From the listing that follows, reproduce only the lines from the one holding "0.1171 Acres of" through the one holding "Signed book: To", both included, with no pictures.

◆ ◆ ◆ ◆

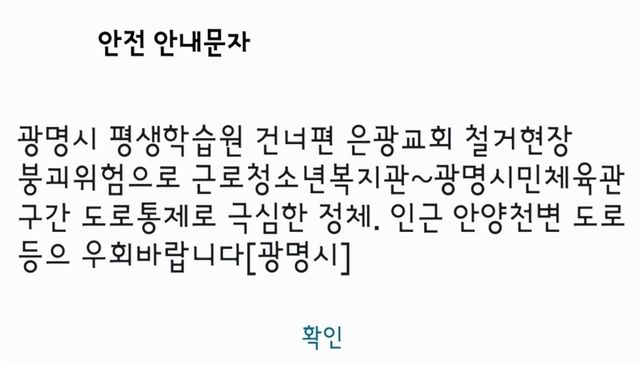 광명시가 20일 오후 발송한 재난문자(안전 안내문자) 내용. 광명시는 "광명시 평생학습원 건너편 은광교회 철거 현장 붕괴 위험으로 근로청소년복지관~광명시민체육관 구간 도로 통제로 극심한 정체. 인근 안양천변 도로 등으로 우회바란다"라고 전했다. / 광명시 제공
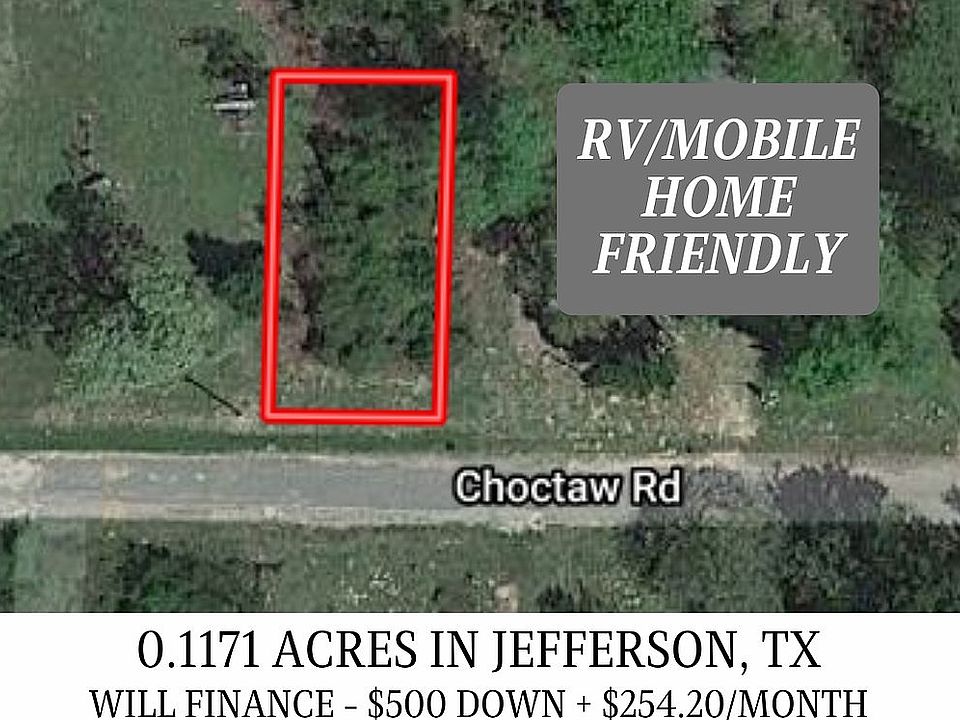 0.1171 Acres of RV/Mobile Home Friendly vacant land in Jefferson/near Lake O' the Pines. This property is perfect for you if you have an RV/mobile home OR you want property close to the lake. $5,900 with just $500 Down + $254.20/month for 24 months. Agents - Bring us a cash offer - We Pay a 5% commission! CALL/TEXT 314-710-2007 DIRECTLY FOR MOST RAPID RESPONSE! --- Property Information --- Acres: 0.1171 County: Marion State: TX Zip: 75657 GPS Coordinates: 32.777938, -94.492478
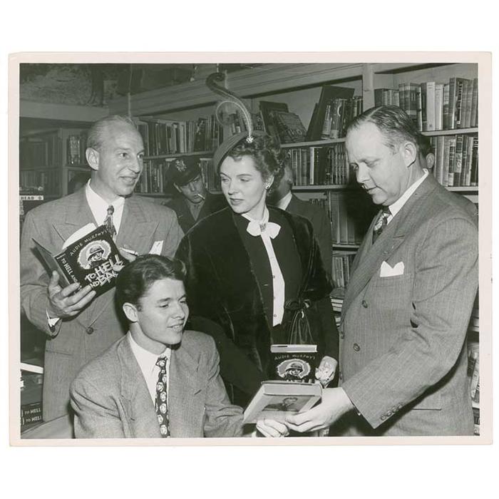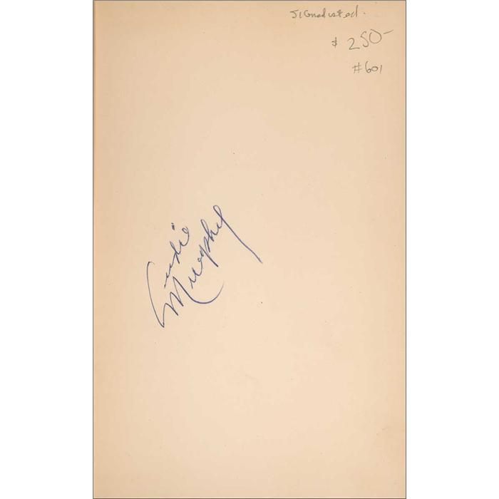 Signed book: To Hell and Back. First edition, first printing. NY: Henry Holt and Company, 1949. Hardcover with dustjacket, 5.5 x 8.25, 274 pages. Signed in blue ballpoint on the front free end page. Accompanied by a vintage photo of Murphy at a signing for the book. In very good condition, with toning, wear, and a few tears to jacket, partial separation to front hinge, slight wear to extremities, and a hint of mild toning to interior. Pre-certified PSA/DNA and RRAuction COA.
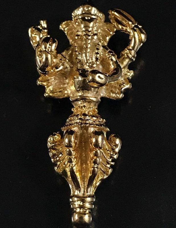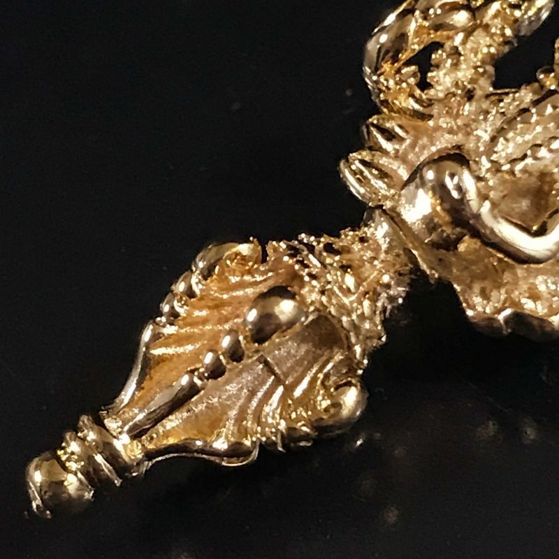 ![]() ![]() 豆法具◆ガネーシャ・バジュラ(ゴールド)◆ 上部は、ヒンズー教のシバ神の子供で人気のある神様、象頭神のガネーシャです。 ガネーシャは、「障害の除去」、「富と繁栄」、「智恵と学問」などの利益をもたらしてくれると言われ、仏教では歓喜天として知られています。 また、商売の神様とされ、日本では夫婦円満の神ともされています。 下部は、古来より魔を祓い煩悩を砕くといわれているバジュラ。迷いを打ち破る仏の智慧を象徴します。 もっとも堅固であり、あらゆるものを打ち砕くとされます。 仏敵を倒すため・自己の煩悩を破壊するための密教法具です。 商品説明★小さいサイズのチベット密教仏具です。 小さいですが穴通しがついておりますので、紐を通してペンダントとして、 金具をつけてストラップとしてもご利用いただけます。 小さいですが、細かな細工が見事な仏具です。 お部屋、お車に、仕事のデスクに、 その他さまざまな場所に、お守りとしていかがですか? ★サイズ:全長約3.2cm、最大幅1.6cm、重さ5g ★真鍮製(カラー:ゴールド) ★チベット製・新品未使用 ★仏様の持ち物であり、これ以上のお守りはありません。おすすめです!! 他にもいろいろな密教仏具を出品してますので、よかったらご覧ください☆ ![]() |
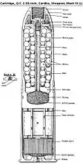 The British "Treatise on Ammunition" of 1915 stated that available rounds were Shrapnel (203 bullets), Case shot (330 bullets), Star shell and the Double common shell of 18 lb (exploding charge of 14 oz "P" mixture – gunpowder).[13]
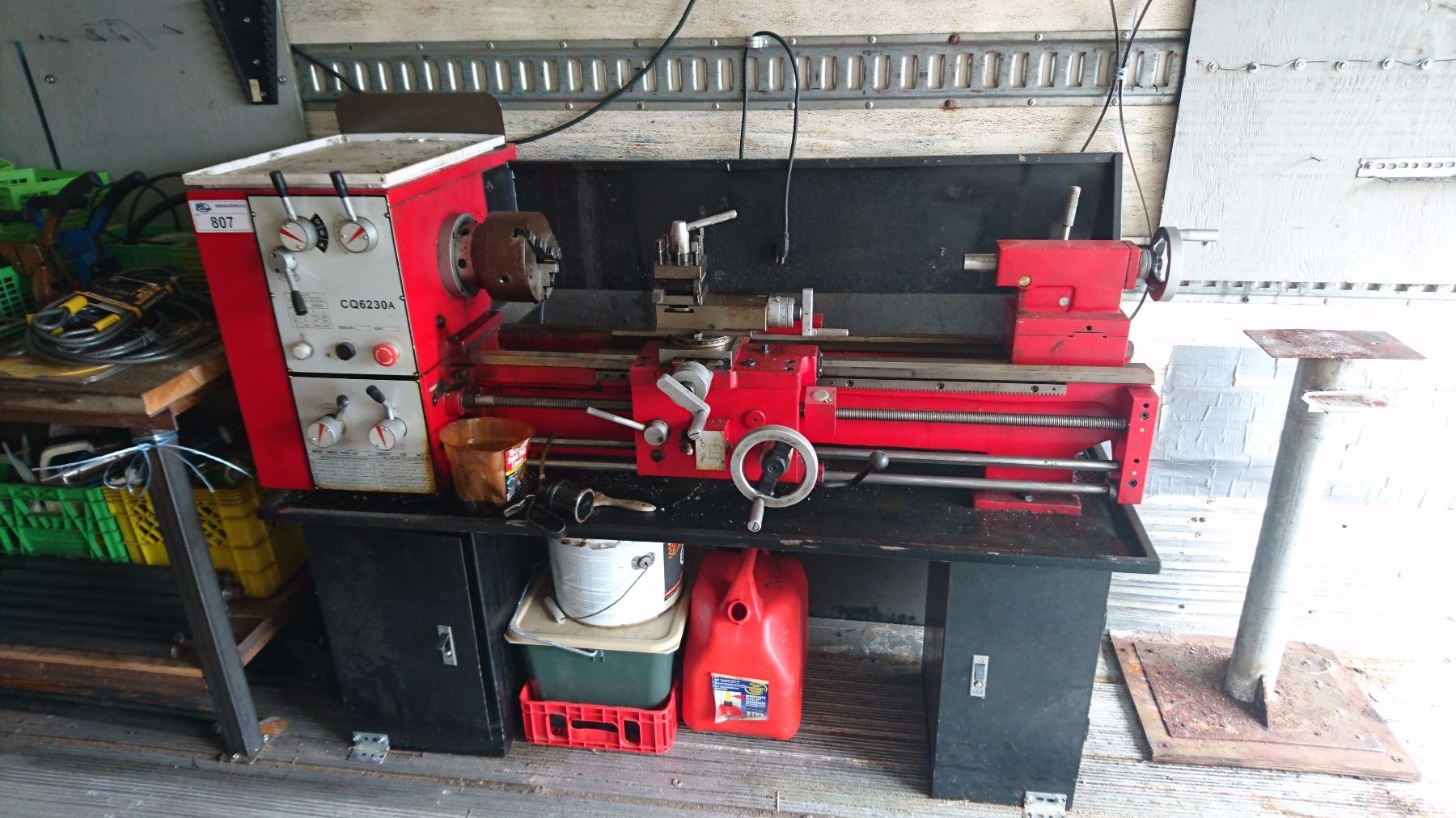 CQ6230A METAL LATHE WITH WORK TABLE, TOOLING AND MISC

◆ ◆ ◆ ◆

** Expected answer **
 0.1171 Acres of RV/Mobile Home Friendly vacant land in Jefferson/near Lake O' the Pines. This property is perfect for you if you have an RV/mobile home OR you want property close to the lake. $5,900 with just $500 Down + $254.20/month for 24 months. Agents - Bring us a cash offer - We Pay a 5% commission! CALL/TEXT 314-710-2007 DIRECTLY FOR MOST RAPID RESPONSE! --- Property Information --- Acres: 0.1171 County: Marion State: TX Zip: 75657 GPS Coordinates: 32.777938, -94.492478
 Signed book: To Hell and Back. First edition, first printing. NY: Henry Holt and Company, 1949. Hardcover with dustjacket, 5.5 x 8.25, 274 pages. Signed in blue ballpoint on the front free end page. Accompanied by a vintage photo of Murphy at a signing for the book. In very good condition, with toning, wear, and a few tears to jacket, partial separation to front hinge, slight wear to extremities, and a hint of mild toning to interior. Pre-certified PSA/DNA and RRAuction COA.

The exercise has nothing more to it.